Mais le ministre a lancé une pique contre les intérêts des lobbies privés qui, comme ceux de l’industrie automobile, font appel aux instincts égoïstes et archaïques des consommateurs. Pour lui, la justice climatique ne peut être atteinte que par une démarche multilatérale, même si elle est souvent tournée en ridicule par ces mêmes lobbies.
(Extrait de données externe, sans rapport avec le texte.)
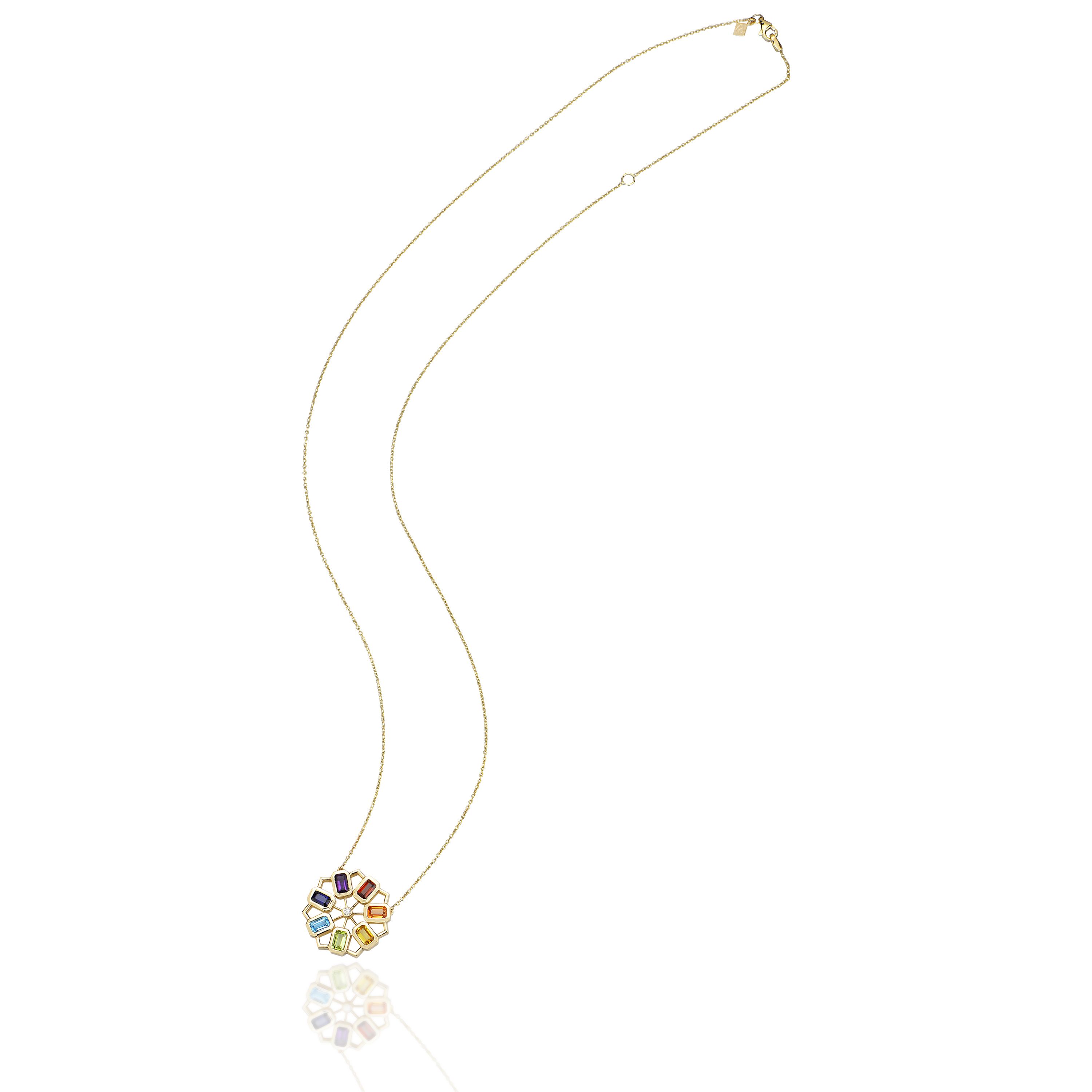 İRİS renkli taşlı ve tek pırlantalı kolye

Le Nord est responsable du réchauffement climatique
Un Européen est à l’origine de 8 tonnes de CO2 par année, soit une quantité huit fois supérieure à celle d’un Africain. Les habitants de l’Amérique du Nord chargent l’atmosphère de manière encore plus massive avec 20 tonnes de CO2 par habitant et par an. Au symposium d’AdC et de PPP, le conseiller fédéral Moritz Leuenberger a mis l’accent sur la responsabilité globale portée par les pays à l’origine du changement climatique, dont la Suisse. «Cette responsabilité commence par la réduction des émissions de CO2 chez nous. Comment pouvons-nous sinon exiger des autres qu’ils le fassent aussi? Dans une perspective à long terme, l’idée d’une Suisse neutre du point de vue climatique reposant sur l’achat de certificats d’émissions de CO2, a-t-il poursuivi, est un coup d’épée dans l’eau. Et d’un point de vue purement mathématique, cela ne fonctionne pas».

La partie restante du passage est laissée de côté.